BRIEF DESCRIPTION OF THE DRAWINGS
The invention will be explained in greater detail below on the basis of exemplary embodiments with reference to the drawing, wherein:
FIG. 1a shows a block diagram of an exemplary embodiment of a coding unit for the apparatus for coding according to the invention.
FIG. 1b shows a block diagram of an exemplary embodiment of a decoding unit for the apparatus for decoding according to the invention.
FIG. 2a shows a block diagram of a more complicated exemplary embodiment of a coding unit for the apparatus for coding according to the invention.
FIG. 2b shows a block diagram of a more complicated exemplary embodiment of a decoding unit for the apparatus for decoding according to the invention.

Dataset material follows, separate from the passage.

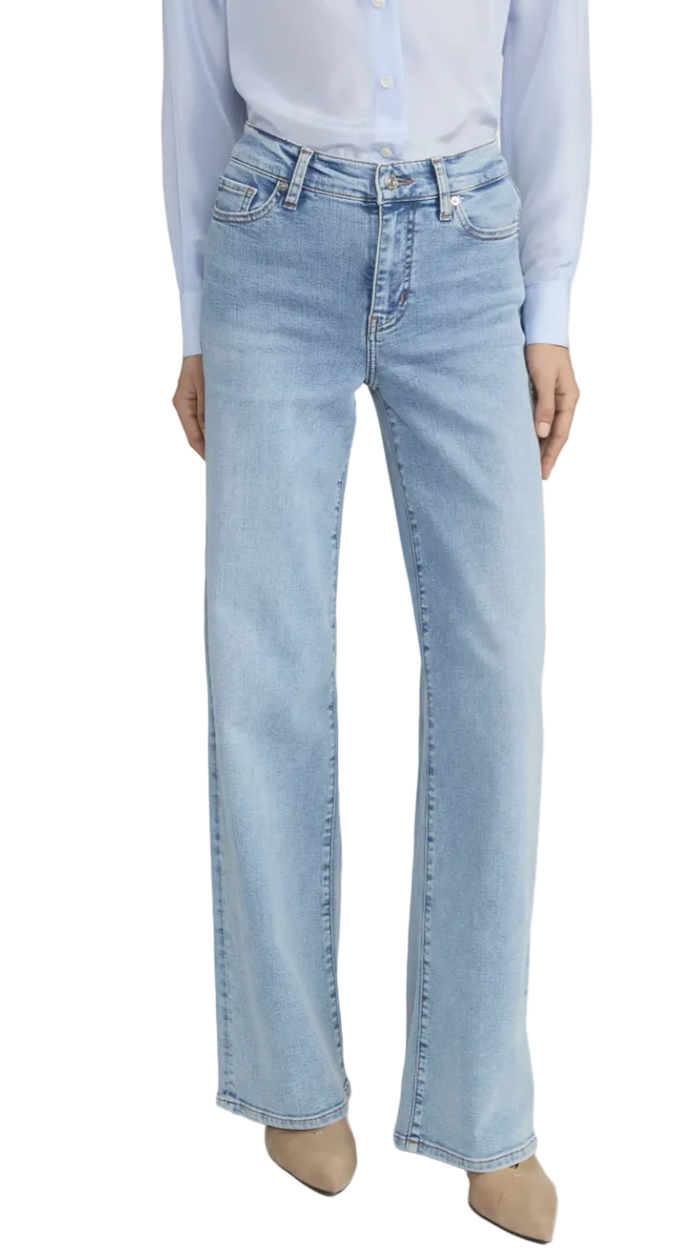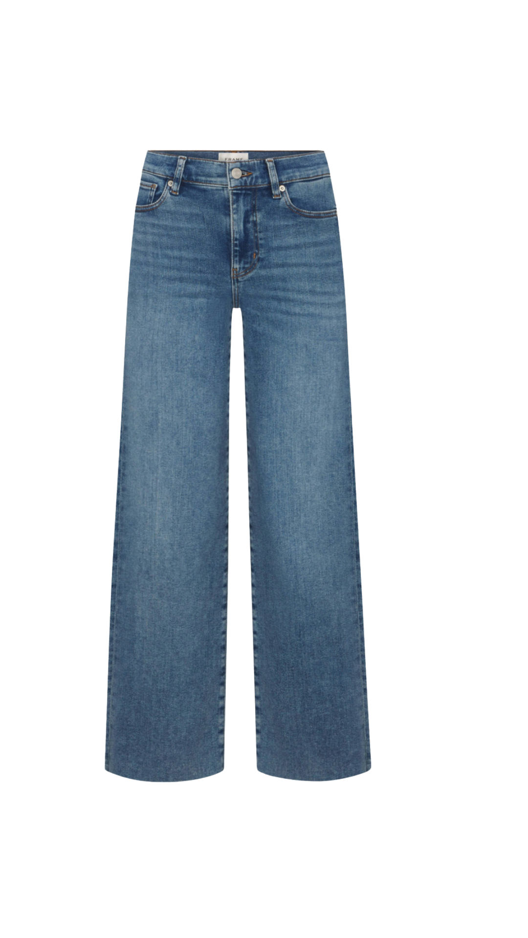 A FRAME introduction to the bestselling palazzo silhouette designed with a comfortable high-rise waist, fitted hip, and subtle wide-leg flare with raw edge. Crafted from an ultra-supple super stretch denim for smooth, all-day wear.

DESCRIPTION OF THE PREFERRED EMBODIMENTS
In FIG. 1a an analog signal delivered by a microphone 1 is limited in bandwidth by a low-pass filter 2 and converted in an analog/digital converter 3 into a series of amplitude and time discrete samples which is representative of the analog signal. The output signal (a quantised sampled analog signal) of the converter 3 is fed to the input of a short-term analysis unit 4 (means for performing a short-term prediction analysis) and to the input of a short-term prediction filter 5. These two units cater for the abovementioned short-term prediction (STP) on segments of, for example, 160 samples and the analysis unit 4 provides an output signal in the form of short-term prediction filter coefficients which are quantised, fed up to the short-term prediction filter 5 as well as coded and transmitted to the decoding unit shown in FIG. 1b. The structure and the function of the filter 5 and the unit 4 is disclosed and explained in the above-cited U.S. patent application Ser. No. 08/400,263.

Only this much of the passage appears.